THEY WERE GRAND titles for a sad, lonely woman who was to face death knowing that she had failed in everything she had set out to do.
The will told its own story. There are affectionate references to ‘my most dere and well-beloved mother, Quene Kateryn’, whose body she asked to be brought from Peterborough to rest near her own, and only one to her father, asking that his debts be paid. She asked for Masses to be said for her soul, that of her mother and of their progenitors, and of Philip when he should die. Generous bequests were made to the religious houses she had re-founded: to the orders of the Carthusian monks and the Brigittine nuns at Syon and Sheen, to the Observant Friars at Greenwich and Southampton, to the monastery of Westminster, to the brothers at the Savoy Hospital, and to the black friars at St Bartholomew in Smithfield. A hospital was to be established in her name for poor, elderly soldiers, especially those injured ‘in the warres and servys of this Realme’. Reflecting her interest in learning, money was left ‘to the relefe of the pore scholars’ at the universities of Oxford and Cambridge.

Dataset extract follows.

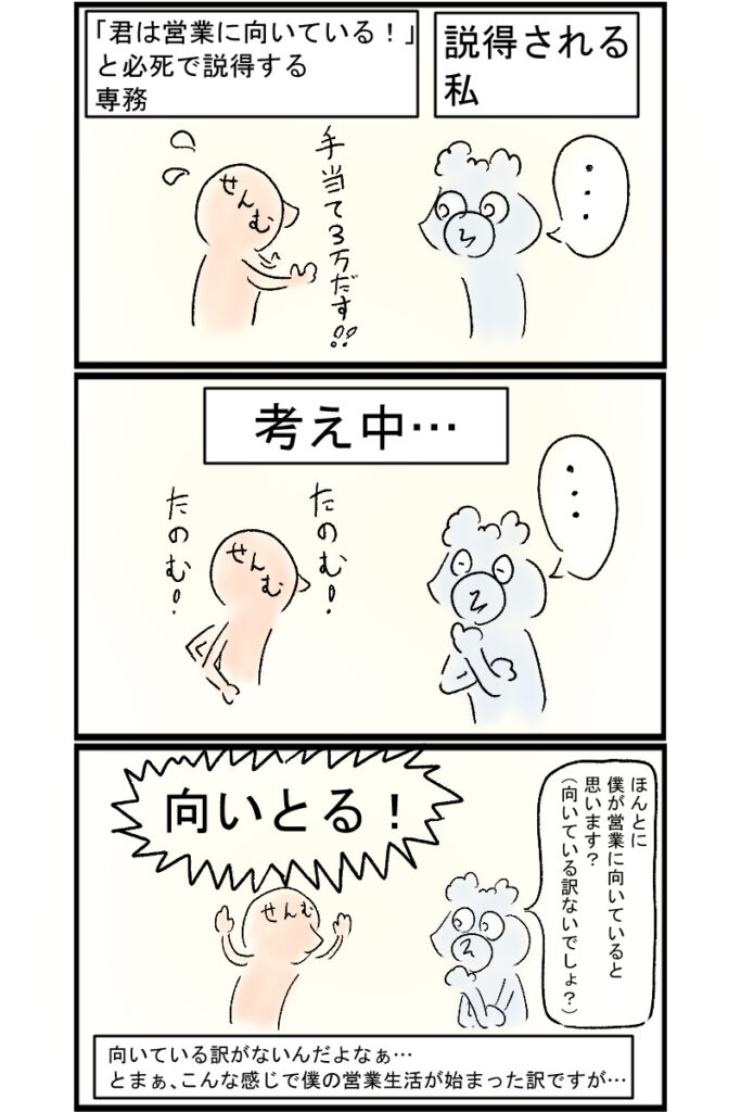そして営業へ・・・ X コピー 2025.09.19 手当3万に目がくらみ営業職に飛び込んだ私の運命はいかに!? そもそも豆腐メンタルだし! (前任者が逃げ出している時点で嫌な予感しかしませんねぇっ!!)

She asked that ‘my saide most dearest lorde and husbande’ keep the jewel the Emperor had sent her on their betrothal and ‘also one other table dyamonde whiche his Majesty sent unto me … and the Coler of golde set with nyne diamonds, the whiche his Majestye gave me the Epiphanie after our Maryage, also the rubie now sett in a golde ryng which his Highnesses sent me by the Cont of Feria’. Many bequests were made to her attendants and she did not forget the ordinary servants.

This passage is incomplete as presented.